> [Your assignment]:
With the pictures left out, every record must be reproduced exactly.

*** Opening of Source data ***

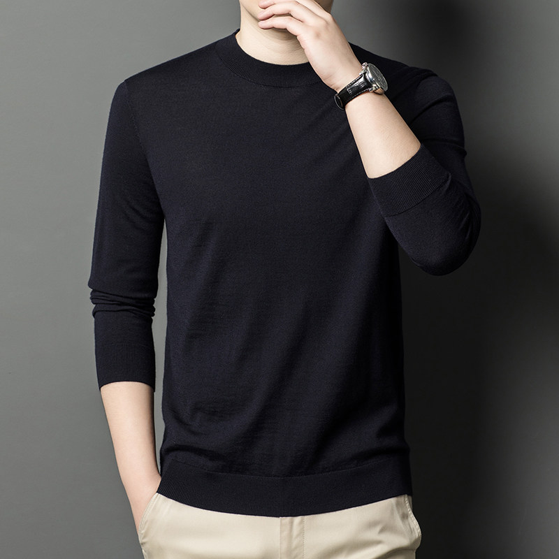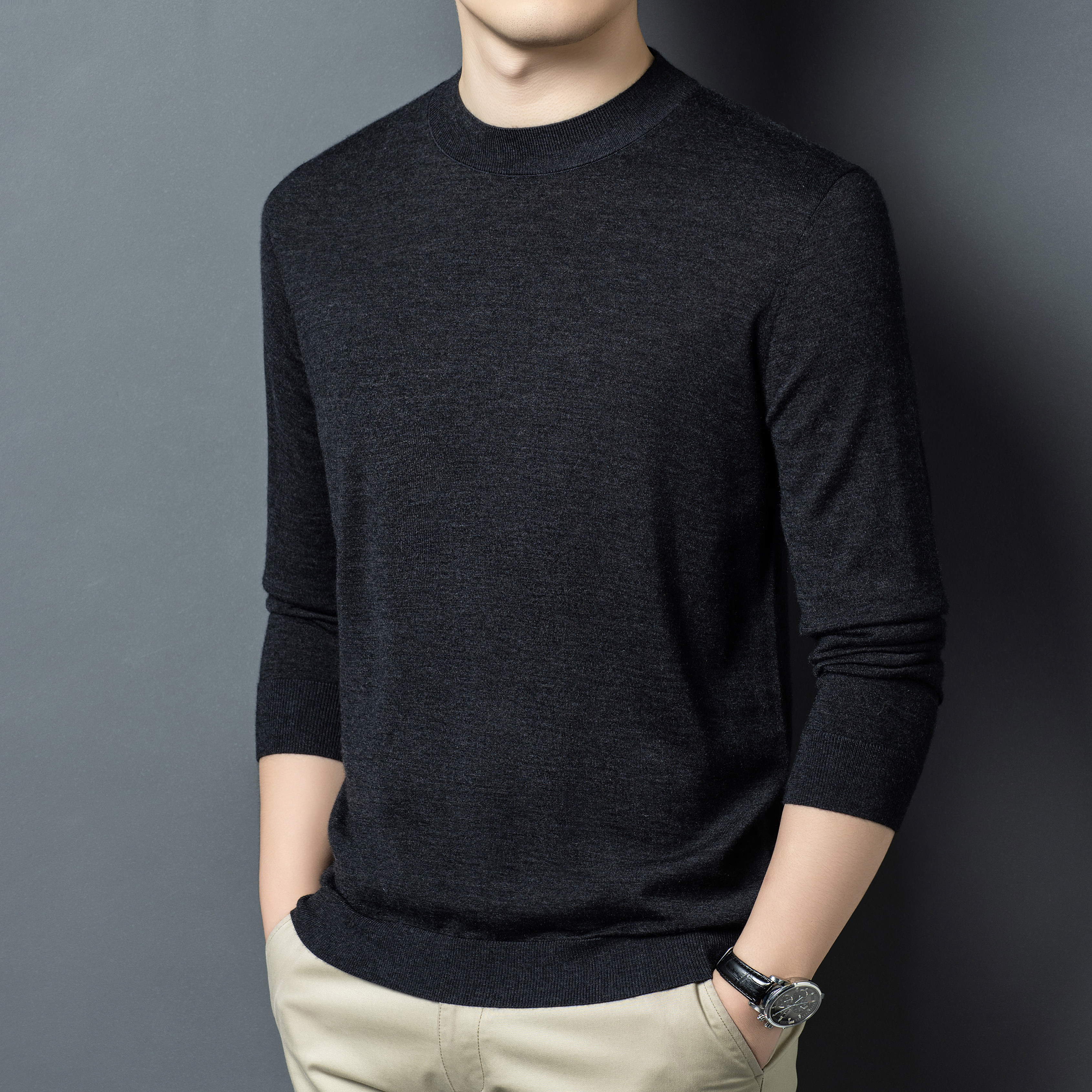 王嘉尔同款韩式半高领羊绒毛衣男式秋冬秋裤黑色内搭衬衫潮牌修身
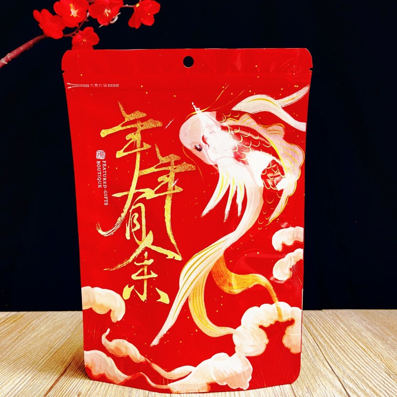 幸運錦鯉新年キャンディー小食袋ビスケット雪花ショートニング牛圧延糖ナッツ焙煎年物包装自封礼
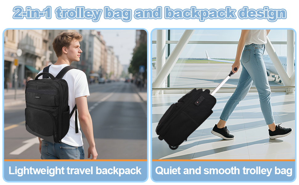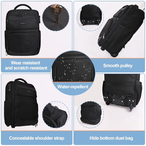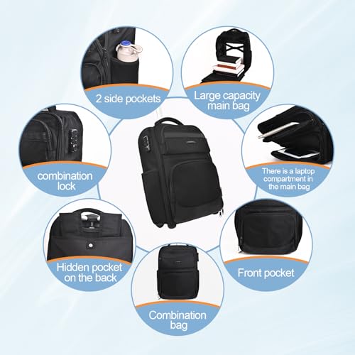 - Durable materials: This rolling backpack carryon luggage is made of durable, scratch resistant, and waterproof Oxford cloth fabric, equipped with a sturdy zipper and password lock. The wear-resistant and dustproof pad design, as well as the breathable and hidden shoulder straps, enhance the comfort and durability of this luggage compartment
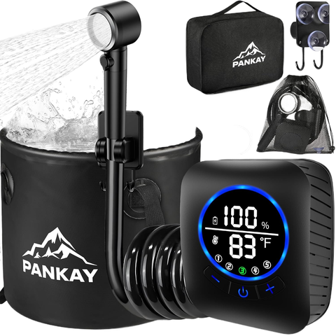 מקלחת ניידת לקמפינג 6000 מאה משאבת מקלחת נטענת מחמם מים טבילה 6.6 דלי מתקפל גל, 4 ספריי
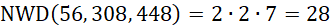 Wspólne elementy rozkładu liczb 56, 308 i 448: 2, 2, 7.
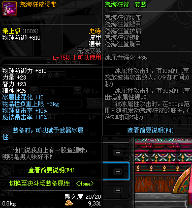 | 75 | 怒海狂鲨腰带 | *Lv74~81深渊地下城怪物掉落 | 怒海狂鲨 套装 | |
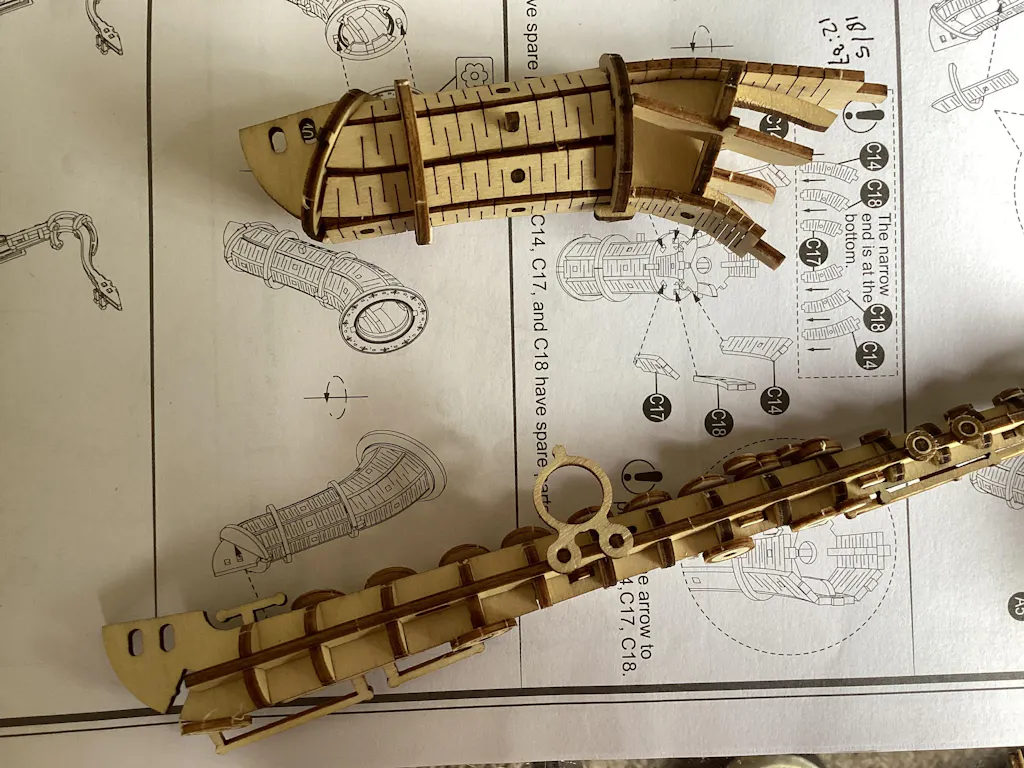 Echt voor een gevorderde bouwer. Vooral de buitenkant van de hoorn is erg lastig goed in vorm te buigen zonder het kapot te maken. Ook veel hele kleine onderdelen. Het resultaat is, eenmaal afgebouwd echter zeer de moeite waard.

*** Close of Source data ***

> [Completed exercise]:
 王嘉尔同款韩式半高领羊绒毛衣男式秋冬秋裤黑色内搭衬衫潮牌修身
 幸運錦鯉新年キャンディー小食袋ビスケット雪花ショートニング牛圧延糖ナッツ焙煎年物包装自封礼
 - Durable materials: This rolling backpack carryon luggage is made of durable, scratch resistant, and waterproof Oxford cloth fabric, equipped with a sturdy zipper and password lock. The wear-resistant and dustproof pad design, as well as the breathable and hidden shoulder straps, enhance the comfort and durability of this luggage compartment
 מקלחת ניידת לקמפינג 6000 מאה משאבת מקלחת נטענת מחמם מים טבילה 6.6 דלי מתקפל גל, 4 ספריי
 Wspólne elementy rozkładu liczb 56, 308 i 448: 2, 2, 7.
 | 75 | 怒海狂鲨腰带 | *Lv74~81深渊地下城怪物掉落 | 怒海狂鲨 套装 | |
 Echt voor een gevorderde bouwer. Vooral de buitenkant van de hoorn is erg lastig goed in vorm te buigen zonder het kapot te maken. Ook veel hele kleine onderdelen. Het resultaat is, eenmaal afgebouwd echter zeer de moeite waard.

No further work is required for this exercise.